** Opening Entries shown block **
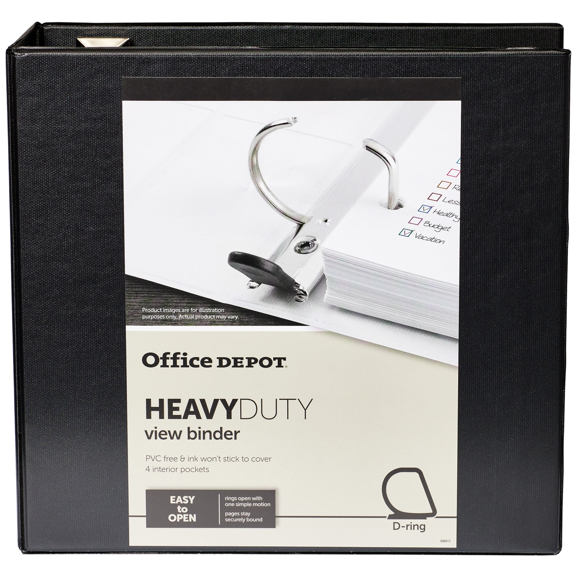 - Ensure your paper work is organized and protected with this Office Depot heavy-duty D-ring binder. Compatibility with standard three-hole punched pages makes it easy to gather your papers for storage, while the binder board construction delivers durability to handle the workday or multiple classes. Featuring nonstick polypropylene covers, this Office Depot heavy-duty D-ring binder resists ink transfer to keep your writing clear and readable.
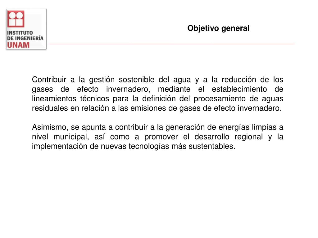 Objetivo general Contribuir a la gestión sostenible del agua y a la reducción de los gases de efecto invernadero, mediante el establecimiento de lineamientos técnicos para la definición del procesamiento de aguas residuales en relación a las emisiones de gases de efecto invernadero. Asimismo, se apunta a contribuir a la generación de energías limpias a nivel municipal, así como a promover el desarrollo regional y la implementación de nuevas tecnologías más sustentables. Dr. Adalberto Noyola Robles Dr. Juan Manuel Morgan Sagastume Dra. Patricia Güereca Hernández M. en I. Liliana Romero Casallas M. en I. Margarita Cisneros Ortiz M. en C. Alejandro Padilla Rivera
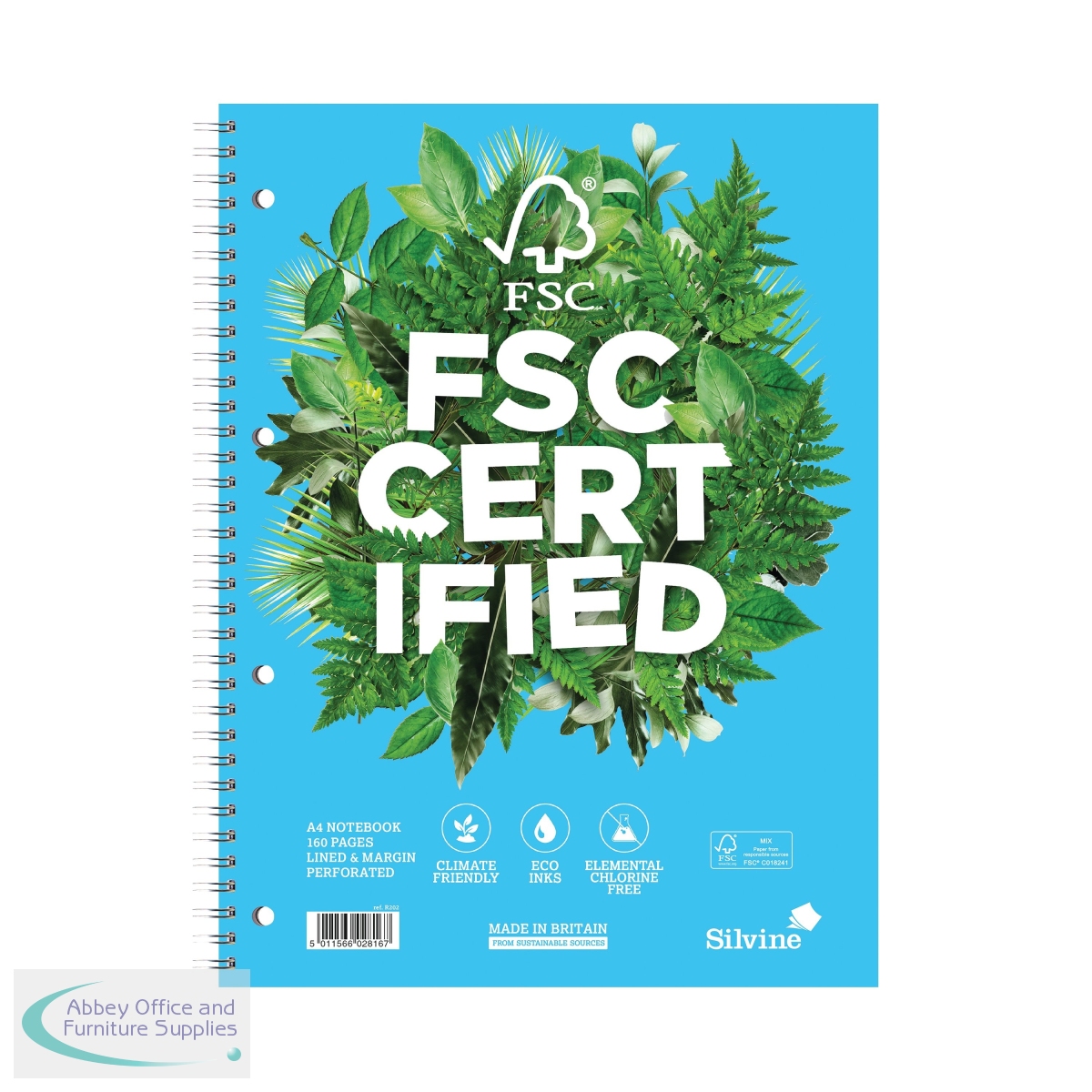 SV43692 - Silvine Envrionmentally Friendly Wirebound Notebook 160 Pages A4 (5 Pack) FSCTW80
** Closing Entries shown block **
** Opening Entries shown block **
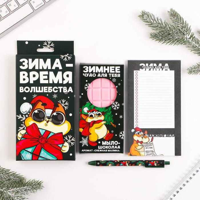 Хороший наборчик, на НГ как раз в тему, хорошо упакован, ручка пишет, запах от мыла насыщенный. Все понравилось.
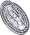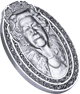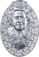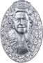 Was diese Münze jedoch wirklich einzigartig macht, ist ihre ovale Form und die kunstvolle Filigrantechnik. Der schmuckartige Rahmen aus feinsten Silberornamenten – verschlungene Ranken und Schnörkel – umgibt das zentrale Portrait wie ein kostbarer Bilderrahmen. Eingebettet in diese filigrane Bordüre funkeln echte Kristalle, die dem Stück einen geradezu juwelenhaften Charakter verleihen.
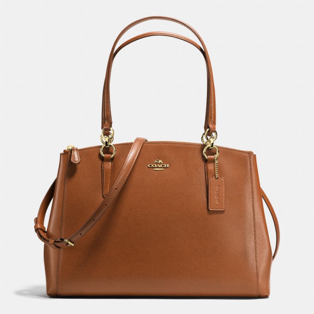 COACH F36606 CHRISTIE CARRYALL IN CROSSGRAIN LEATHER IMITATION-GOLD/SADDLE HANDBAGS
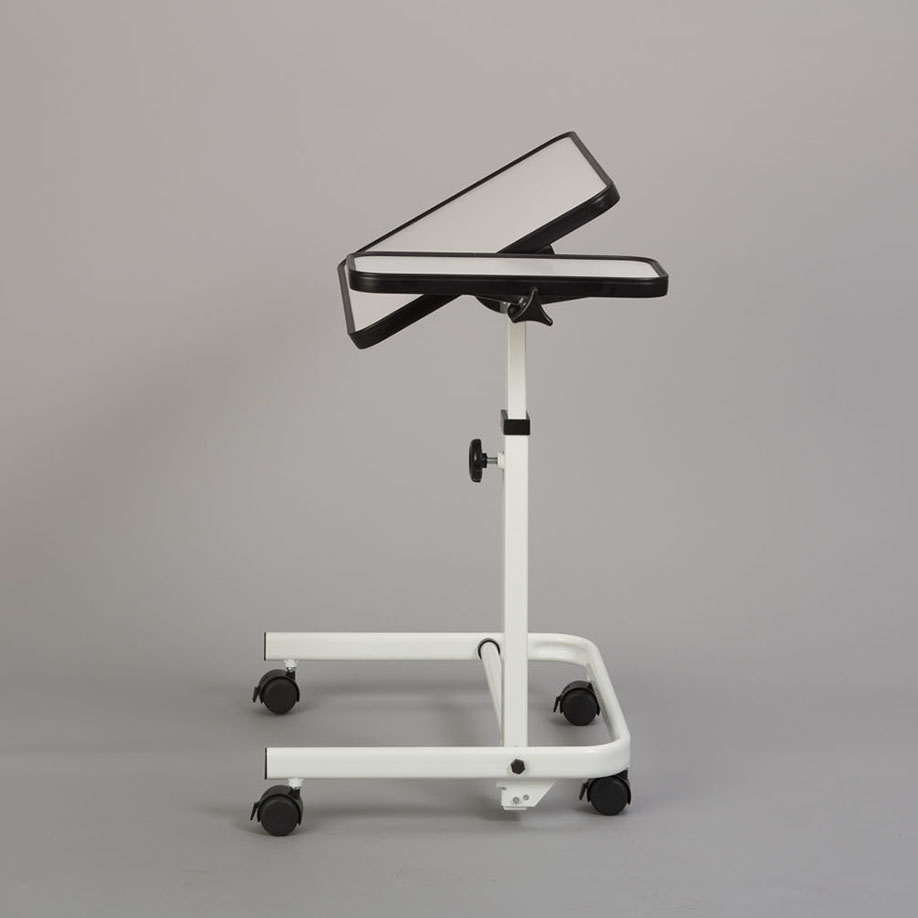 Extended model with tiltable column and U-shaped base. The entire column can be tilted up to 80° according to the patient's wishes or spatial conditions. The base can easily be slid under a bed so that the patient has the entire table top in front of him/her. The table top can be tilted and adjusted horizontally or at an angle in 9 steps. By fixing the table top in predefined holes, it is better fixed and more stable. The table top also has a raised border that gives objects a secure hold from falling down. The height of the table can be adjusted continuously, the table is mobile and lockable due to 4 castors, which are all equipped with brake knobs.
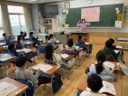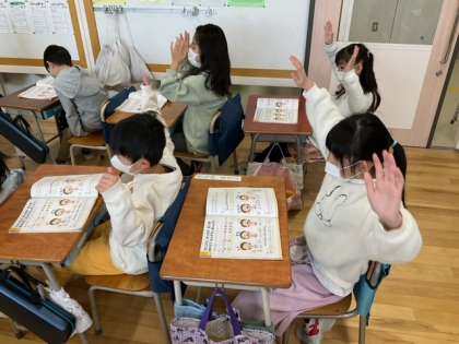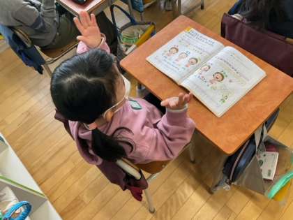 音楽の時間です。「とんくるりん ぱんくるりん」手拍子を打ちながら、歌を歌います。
** Closing Entries shown block **
Although the records above contain pictures, the copy must not; set down exactly the lines from the one with "COACH F36606 CHRISTIE" up to and including the one with "音楽の時間です。「とんくるり".

 COACH F36606 CHRISTIE CARRYALL IN CROSSGRAIN LEATHER IMITATION-GOLD/SADDLE HANDBAGS
 Extended model with tiltable column and U-shaped base. The entire column can be tilted up to 80° according to the patient's wishes or spatial conditions. The base can easily be slid under a bed so that the patient has the entire table top in front of him/her. The table top can be tilted and adjusted horizontally or at an angle in 9 steps. By fixing the table top in predefined holes, it is better fixed and more stable. The table top also has a raised border that gives objects a secure hold from falling down. The height of the table can be adjusted continuously, the table is mobile and lockable due to 4 castors, which are all equipped with brake knobs.
 音楽の時間です。「とんくるりん ぱんくるりん」手拍子を打ちながら、歌を歌います。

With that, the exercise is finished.